# Input records:
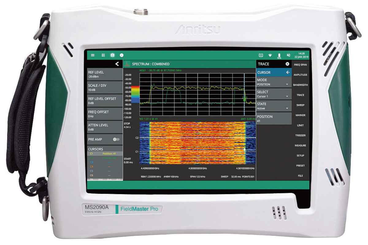 Der Echtzeit-Spektrumanalysator Field Master Pro MS2090A von Anritsu bietet eine Leistung, die bisher in einem kompakten, tragbaren Gerät nicht verfügbar war. Mit einer durchgängigen Frequenzabdeckung von 9 kHz bis 54 GHz ist der Field Master Pro MS2090A speziell dafür ausgelegt, die Testanforderungen einer ganzen Reihe anderer heute verwendeter drahtloser Technologien zu erfüllen, darunter: 5G, LTE, Wireless Backhaul, Luft- und Raumfahrt/Verteidigung, Satellitensysteme und Radar.
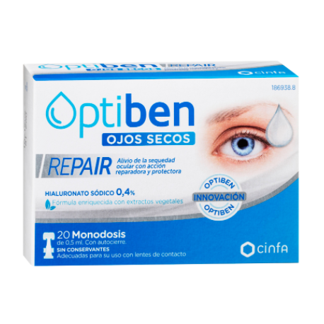 Optiben Ojos Secos Repair, gracias a su formulación en forma de aguas destiladas, posee una acción reparadora y protectora de la superficie ocular. Está indicado para refrescar y lubricar los ojos con sensación de quemazón, irritación y molestias provocadas por la sequedad.
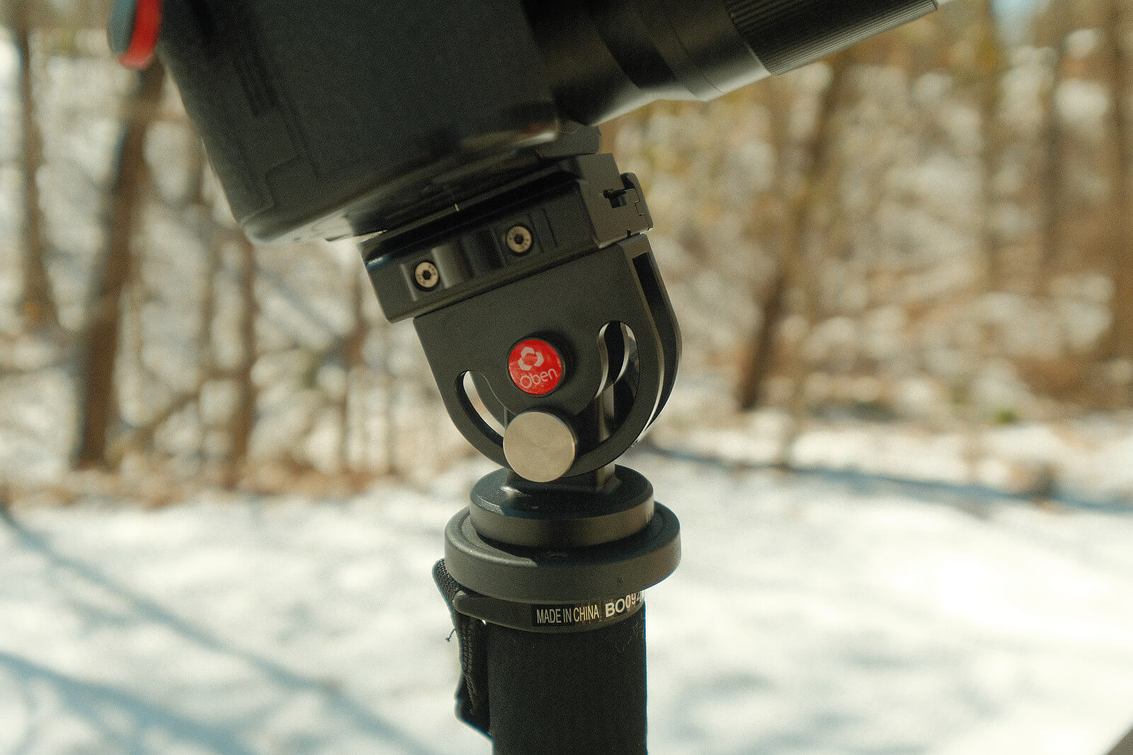 The optional Oben VH-A30 tilting head is a lovely addition as well. The knobs are all large and knurled. This makes them easy to manipulate even wearing gloves. The head is mostly solid metal and feels premium.
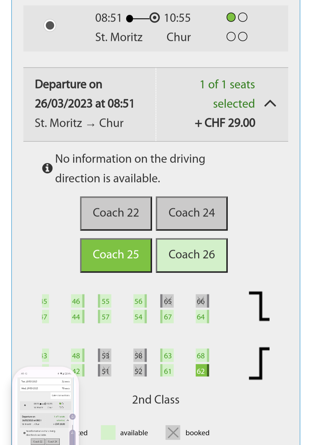 Also while booking Glacier express I was shown to book seats from Carriages 22-26. I wonder if the actual train is that long or nomenclature of the Carriages is such.(Image attached)
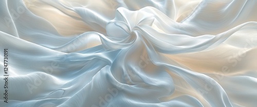 © budiyono, Obraz premium Soft, flowing light blue silk fabric with elegant, swirling folds and subtle highlights.
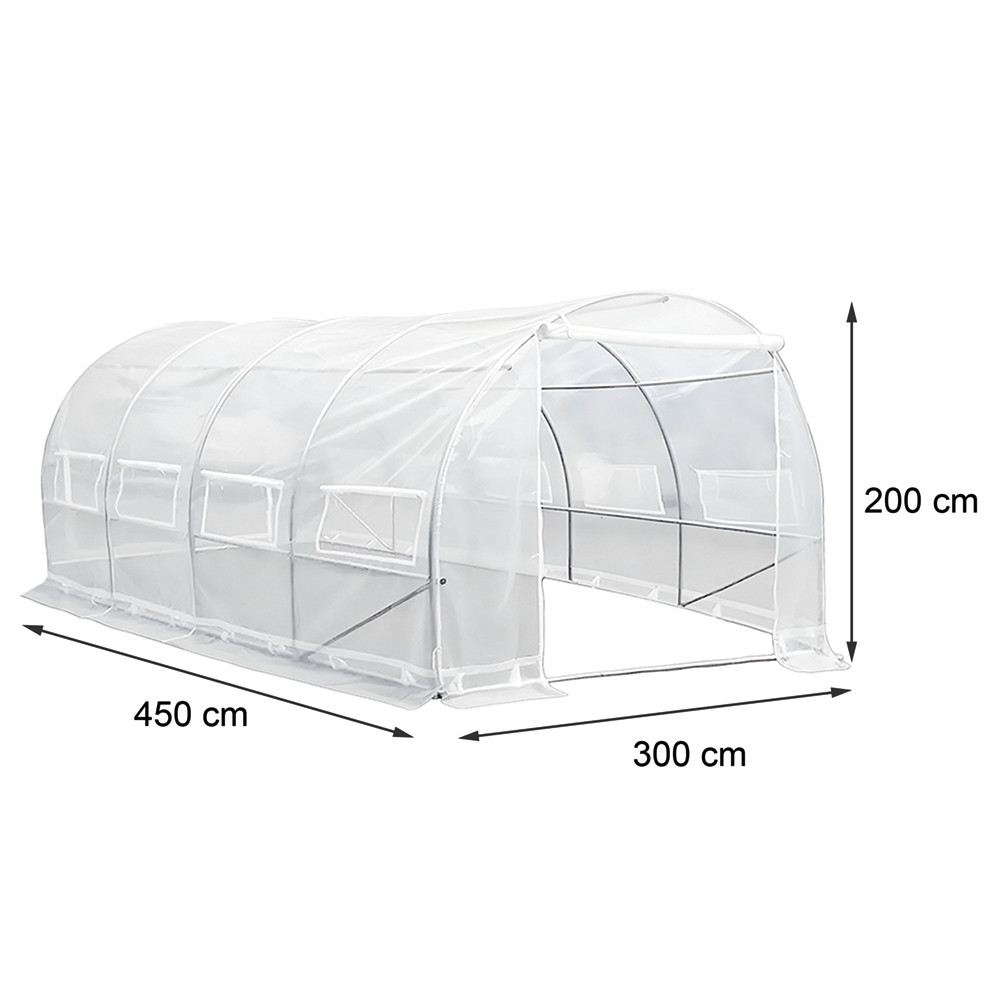Cortul modern din folie este echipat cu o ușă pliabilă practică, care facilitează accesul. Cele 8 orificii de ventilație laterale ale cortului sunt prevăzute cu plasă pentru a împiedica pătrunderea insectelor, asigurând în același timp o circulație adecvată a aerului. Ferestrele ajută la reglarea umidității, crescând astfel randamentul culturilor. Cortul din folie poate fi utilizat în orice condiții meteorologice, fiind o soluție ideală pentru cultivarea plantelor în grădină sau pe proprietate.

# What is required:
The answer is the full listing above, repeated exactly, with its pictures removed.

# Answer space:
 Der Echtzeit-Spektrumanalysator Field Master Pro MS2090A von Anritsu bietet eine Leistung, die bisher in einem kompakten, tragbaren Gerät nicht verfügbar war. Mit einer durchgängigen Frequenzabdeckung von 9 kHz bis 54 GHz ist der Field Master Pro MS2090A speziell dafür ausgelegt, die Testanforderungen einer ganzen Reihe anderer heute verwendeter drahtloser Technologien zu erfüllen, darunter: 5G, LTE, Wireless Backhaul, Luft- und Raumfahrt/Verteidigung, Satellitensysteme und Radar.
 Optiben Ojos Secos Repair, gracias a su formulación en forma de aguas destiladas, posee una acción reparadora y protectora de la superficie ocular. Está indicado para refrescar y lubricar los ojos con sensación de quemazón, irritación y molestias provocadas por la sequedad.
 The optional Oben VH-A30 tilting head is a lovely addition as well. The knobs are all large and knurled. This makes them easy to manipulate even wearing gloves. The head is mostly solid metal and feels premium.
 Also while booking Glacier express I was shown to book seats from Carriages 22-26. I wonder if the actual train is that long or nomenclature of the Carriages is such.(Image attached)
 © budiyono, Obraz premium Soft, flowing light blue silk fabric with elegant, swirling folds and subtle highlights.
Cortul modern din folie este echipat cu o ușă pliabilă practică, care facilitează accesul. Cele 8 orificii de ventilație laterale ale cortului sunt prevăzute cu plasă pentru a împiedica pătrunderea insectelor, asigurând în același timp o circulație adecvată a aerului. Ferestrele ajută la reglarea umidității, crescând astfel randamentul culturilor. Cortul din folie poate fi utilizat în orice condiții meteorologice, fiind o soluție ideală pentru cultivarea plantelor în grădină sau pe proprietate.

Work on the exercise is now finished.